▶ _ABOUT THIS TASK_:
When you transcribe the listing that follows, keep every line exact and skip any picture.
++++ EXCERPTED DATA ++++
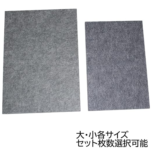 この吸音硬質フェルトボードはサイズは大350 250 12(mm) または小300 200 12(mm) のポリエステルフェルトで、弾力性もあり特に厚さ12mmと極厚で、菱目打ちやカービング等の防音・防振対策に適しています。
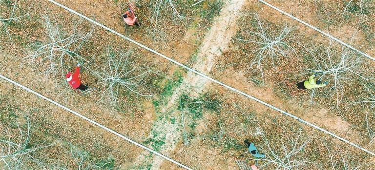▼12月24日,河北省隆尧县牛家桥乡梅庄村果园,果农在修剪果树。冬季是果树的休眠期,也是田间管理的关键期。当地农民开展果树冬剪工作,为来年丰产丰收打下基础。王 铄摄(中经视觉)
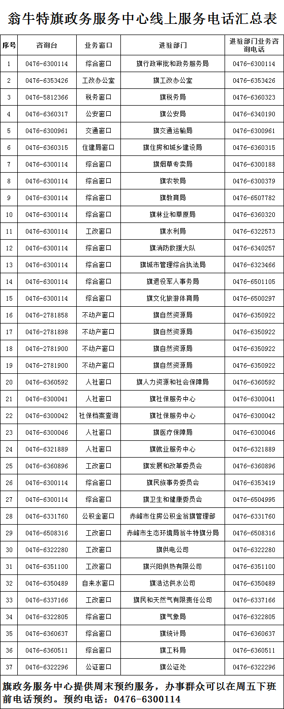 为全面做好我旗政务服务工作,打造更优营商环境,为办事群众提供高效便捷的服务,现将翁牛特旗政务服务中心各业务部门咨询电话进行公布,请广大市民朋友收藏备用。
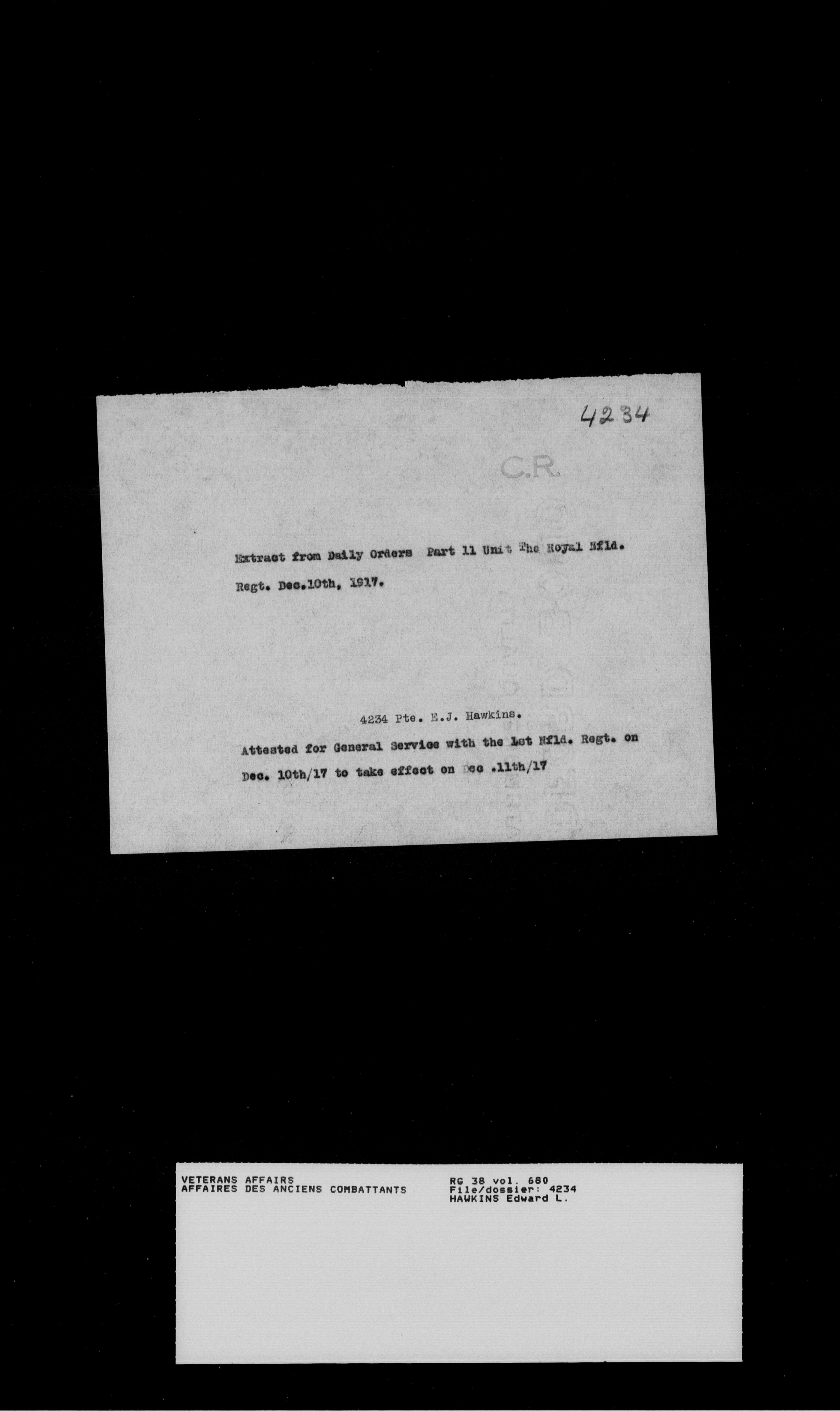 Military service files for members of the Royal Newfoundland Regiment and bandsmen and the Newfoundland Forestry Corps (1914-1919) - 18497
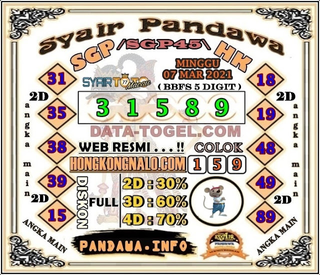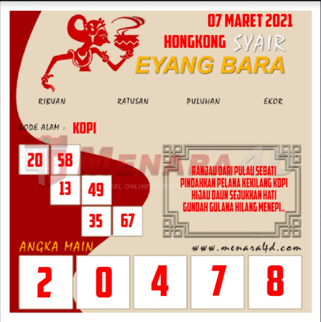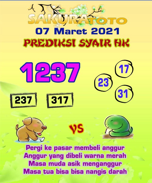 Permainan togel online ini sangatlah membutuhkan kesadaran diri di dalam membaca dan memprediksi suatu angka. Maka dari itu kunjungi selalu kode syair hk hari ini dimana dalam forum syairhk hari ini yang kami terbitkan ini akan jauh lebih memudahkan anda dalam menebak angka keluaran di periode selanjutnya. Kami juga sudah mempersiapkan Prediksi Syair Hongkong Akurat 07 Maret 2021 untuk anda member tercinta kami.
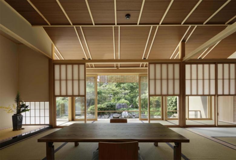 平屋建てなので北庭にも光と風が導かれ、水面に光が反射し、障子・すだれを通して柔らかい光が室内を満たす。九頭竜川に沿って流れる南北方向の卓越風を東西に延びる建物の配置によって受け止め、随所に開閉可能な建具を設けて各室にとり入れることで、自然と一体となる空間を実現している。
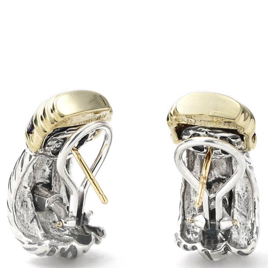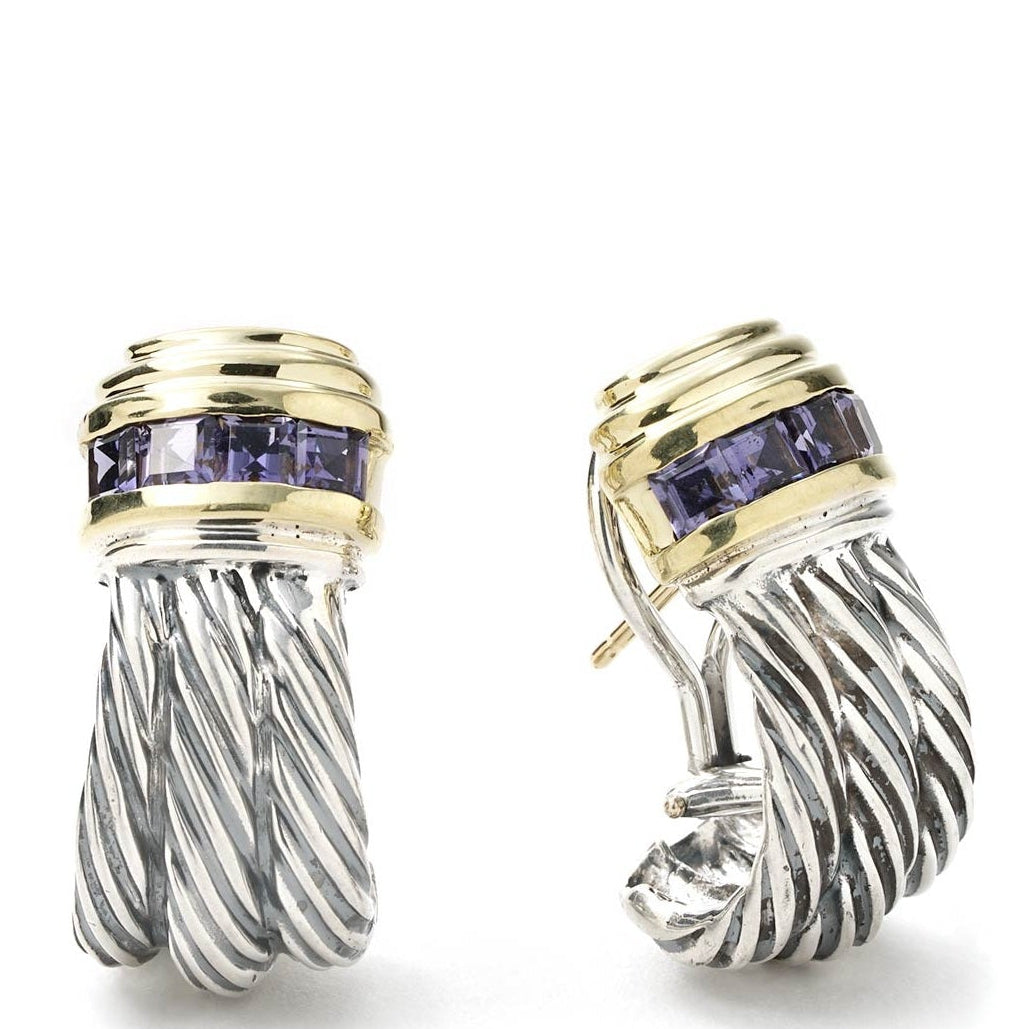 Pre-Loved David Yurman Princess Earring, featuring Iolite, in tu-tone 14k yellow gold and sterling silver feature a cable detailing and omega back closures. Includes DY pouch
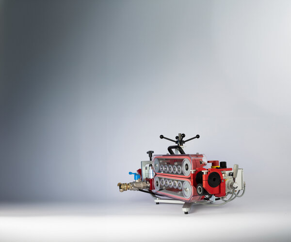 ”En kul grej är att vi har gjort om en Volkswagen Crafter och byggt till ett luftsystem så att vi kan ha en m17-kompressor med oss (en mindre kompressor för mindre slangar). När det kommer till 25, 32, 40 PEM-slang som sväljer mer luft behöver man en större kompressor som behöver dras med vagn och bil. Då byggde vi bilen och ställde kompressorn där och sedan en el-kompressor med ett luftsystem som driver luftmotorn i V2:an. Detta gör att vi kan blåsa 400-500 meter utan att behöva ha med den största kompressorn.”
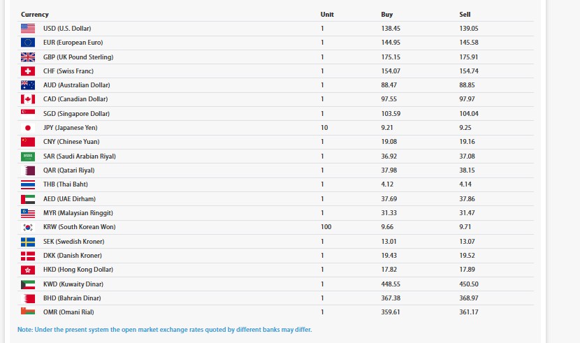 काठमाडौँ। नेपाल राष्ट्र बैंकले आजका लागि विदेशी मुद्राको विनिमय दर निर्धारण गरेको छ । राष्ट्र बैंकका अनुसार अमेरिकी डलर एकको खरिददर एक सय ३८ रुपैयाँ ४५ पैसा र बिक्रीदर एक सय ३९ रुपैयाँ ०५ पैसा कायम भएको छ ।
++++
▶ _OUTPUT_:
 この吸音硬質フェルトボードはサイズは大350 250 12(mm) または小300 200 12(mm) のポリエステルフェルトで、弾力性もあり特に厚さ12mmと極厚で、菱目打ちやカービング等の防音・防振対策に適しています。
▼12月24日,河北省隆尧县牛家桥乡梅庄村果园,果农在修剪果树。冬季是果树的休眠期,也是田间管理的关键期。当地农民开展果树冬剪工作,为来年丰产丰收打下基础。王 铄摄(中经视觉)
 为全面做好我旗政务服务工作,打造更优营商环境,为办事群众提供高效便捷的服务,现将翁牛特旗政务服务中心各业务部门咨询电话进行公布,请广大市民朋友收藏备用。
 Military service files for members of the Royal Newfoundland Regiment and bandsmen and the Newfoundland Forestry Corps (1914-1919) - 18497
 Permainan togel online ini sangatlah membutuhkan kesadaran diri di dalam membaca dan memprediksi suatu angka. Maka dari itu kunjungi selalu kode syair hk hari ini dimana dalam forum syairhk hari ini yang kami terbitkan ini akan jauh lebih memudahkan anda dalam menebak angka keluaran di periode selanjutnya. Kami juga sudah mempersiapkan Prediksi Syair Hongkong Akurat 07 Maret 2021 untuk anda member tercinta kami.
 平屋建てなので北庭にも光と風が導かれ、水面に光が反射し、障子・すだれを通して柔らかい光が室内を満たす。九頭竜川に沿って流れる南北方向の卓越風を東西に延びる建物の配置によって受け止め、随所に開閉可能な建具を設けて各室にとり入れることで、自然と一体となる空間を実現している。
 Pre-Loved David Yurman Princess Earring, featuring Iolite, in tu-tone 14k yellow gold and sterling silver feature a cable detailing and omega back closures. Includes DY pouch
 ”En kul grej är att vi har gjort om en Volkswagen Crafter och byggt till ett luftsystem så att vi kan ha en m17-kompressor med oss (en mindre kompressor för mindre slangar). När det kommer till 25, 32, 40 PEM-slang som sväljer mer luft behöver man en större kompressor som behöver dras med vagn och bil. Då byggde vi bilen och ställde kompressorn där och sedan en el-kompressor med ett luftsystem som driver luftmotorn i V2:an. Detta gör att vi kan blåsa 400-500 meter utan att behöva ha med den största kompressorn.”
 काठमाडौँ। नेपाल राष्ट्र बैंकले आजका लागि विदेशी मुद्राको विनिमय दर निर्धारण गरेको छ । राष्ट्र बैंकका अनुसार अमेरिकी डलर एकको खरिददर एक सय ३८ रुपैयाँ ४५ पैसा र बिक्रीदर एक सय ३९ रुपैयाँ ०५ पैसा कायम भएको छ ।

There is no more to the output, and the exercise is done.